A scar in the cornea, resulting from an injury or infection, may also cause astigmatism. Astigmatism can be caused by ocular surgery, including cataract surgery and corneal transplantation. Certain diseases of the eye, such as keratoconus or pellucid degeneration, will cause irregular astigmatism.
Individuals with a family history of high degrees of astigmatism or keratoconus are at risk for astigmatism. People who use power tools without safety glasses are subject to injuries that may cause acquired astigmatism.
Symptoms of Astigmatism
In an eye with astigmatism, vision is blurred due to the inability of the optical elements of the eye to focus a point object into a sharply focused point image on the retina. Astigmatism makes it difficult to see fine details, both close-up and at a distance. Small amounts of astigmatism may not be noticed at all. Sometimes uncorrected astigmatism can lead to eyestrain, eye fatigue, squinting, or headaches in addition to blurring and
Signs of Astigmatism
An ophthalmologist detects astigmatism by either checking for the need for glasses (refraction) or measuring the curvature of the front of the cornea by using a keratometer or corneal topography machine.
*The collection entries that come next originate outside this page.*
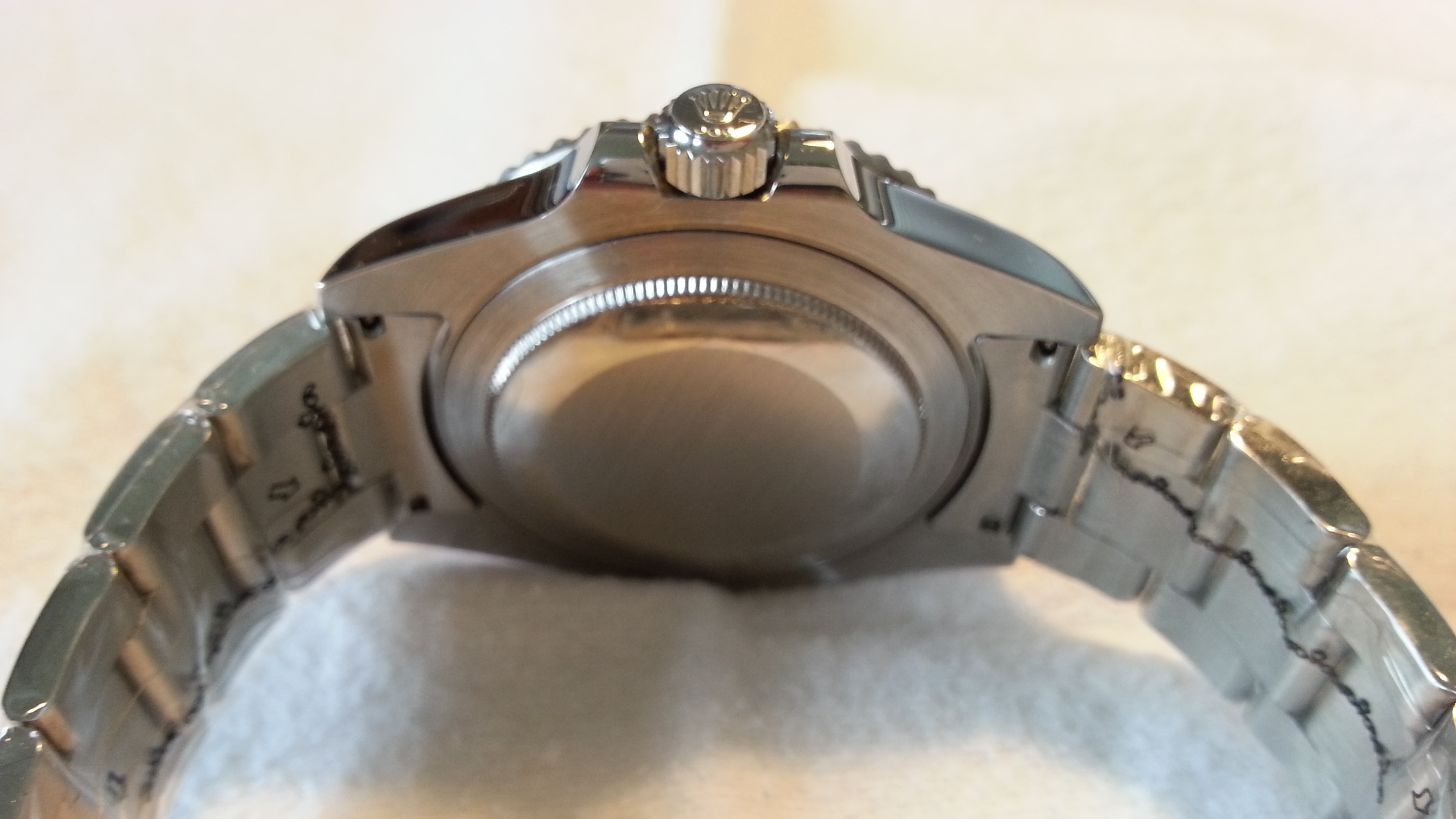 der Preis war zwar sehr hoch aber alle male gerechtfertigt, da die Unterschiede doch schon sehr hoch sind. Der Sekundenzeiger läuft dank des ETA !!! Kalibers ( wurde beim Uhrmacher geöffnet, kontrolliert und auch gleich wieder auf 10 ATM abgedrückt ) mit seinen echten 28´800 schwingungen welches schon beeindruckend ist und man sie nun nicht mehr am Verlauf des ruckelnden Sekundenzeigers sofort als Falsche erkennt ( natürlich nur wenn man so verückt ist wie ich und seit 20 Jahren wohl jede Fake-Generation in der Hand hatte).
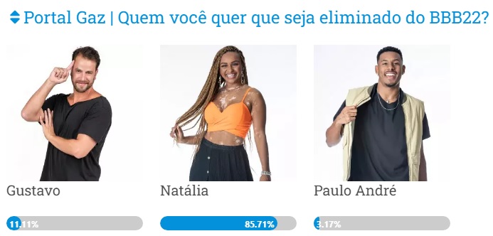 Em segundo lugar, e com bem menos chances de ser eliminado, está o bacharel em Direito Gustavo. Na enquete, ele registrou 11,11% das intenções de voto para ser excluído do reality. Por último, com chances quase nulas de deixar o programa, aparece o atleta olímpico Paulo André, somando apenas 3,17% dos votos.
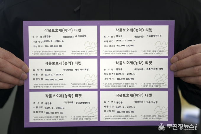 농약 티켓은 농작물 병해충 방제 지원사업 신청 농가에게 배부돼 관내 농약 판매업체에서 자율적으로 약제를 구입·사용할 수 있다.
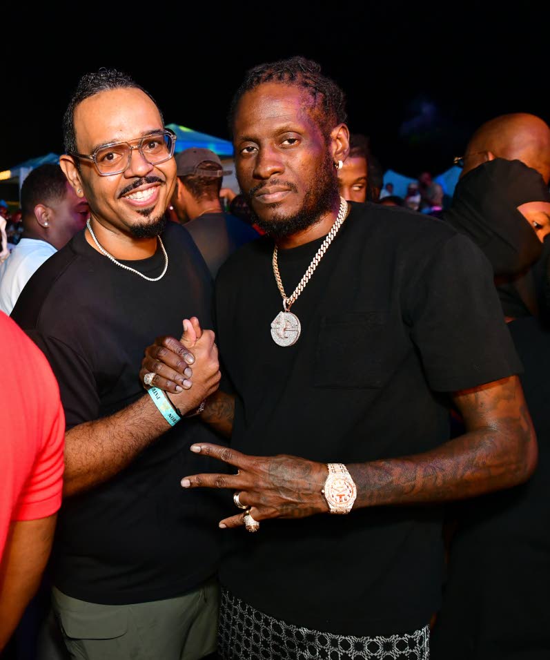 Clean and Trendy… Wright Image Ltd Managing Director PJ Wright (left) and dancehall artiste Aidonia were spotted at the event. Aceion Cunningham

These tests are noninvasive and painless.
The diagnosis of astigmatism is quickly and painlessly made during the course of a complete eye examination. This would include refraction (measuring the eyes for the need for glasses), an examination with a slit lamp, and measurements of the corneas’ curvature using various forms of light and computer algorithms.
Treatment for Astigmatism
Many patients with mild astigmatism have no symptoms from this and require no treatment. If there is regular astigmatism and causes blurred vision, astigmatism can be compensated satisfactorily with eyeglasses or contact lenses. If myopia or hyperopia is also present, the glasses or contact lenses can also correct that condition. If the astigmatism is an irregular or high degree, drinks or a soft contact lens may not be entirely correct for astigmatism. A hard (rigid) contact lens may be necessary to allow the eye to see usually. Neither glasses nor contact lenses permanently correct the curvature abnormality.
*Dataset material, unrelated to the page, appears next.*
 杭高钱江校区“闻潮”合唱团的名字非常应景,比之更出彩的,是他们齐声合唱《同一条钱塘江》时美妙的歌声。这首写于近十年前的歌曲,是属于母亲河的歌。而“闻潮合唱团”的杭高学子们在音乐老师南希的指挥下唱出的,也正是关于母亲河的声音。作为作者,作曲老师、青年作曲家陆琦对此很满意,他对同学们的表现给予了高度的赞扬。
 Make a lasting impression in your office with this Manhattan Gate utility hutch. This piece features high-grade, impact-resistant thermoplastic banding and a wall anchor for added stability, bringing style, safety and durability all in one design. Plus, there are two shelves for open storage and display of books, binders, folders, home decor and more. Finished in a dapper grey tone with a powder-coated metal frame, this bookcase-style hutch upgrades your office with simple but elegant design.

Modern refractive surgery, which reshapes the eye see’s surface with a laser, can also reduce astigmatism. Wavefront-guided LASIK or photorefractive keratectomy (PRK) can also minimize irregular astigmatism. Various considerations involving ocular health, refractive status, and lifestyle frequently determine whether one option may be better.
Prognosis for Astigmatism
About 30% of all people have astigmatism. In the vast majority of those, the condition does not change much after the age of 25. As a child or young adult, the presence of astigmatism does not signify that an eye disease will later occur. Progressive astigmatism can occur with corneal trauma, repeated infections of the cornea, and degenerative diseases such as keratoconus.
The common types of astigmatism cannot be prevented. The incidence of astigmatism due to trauma to the cornea can be decreased by attention to eye safety.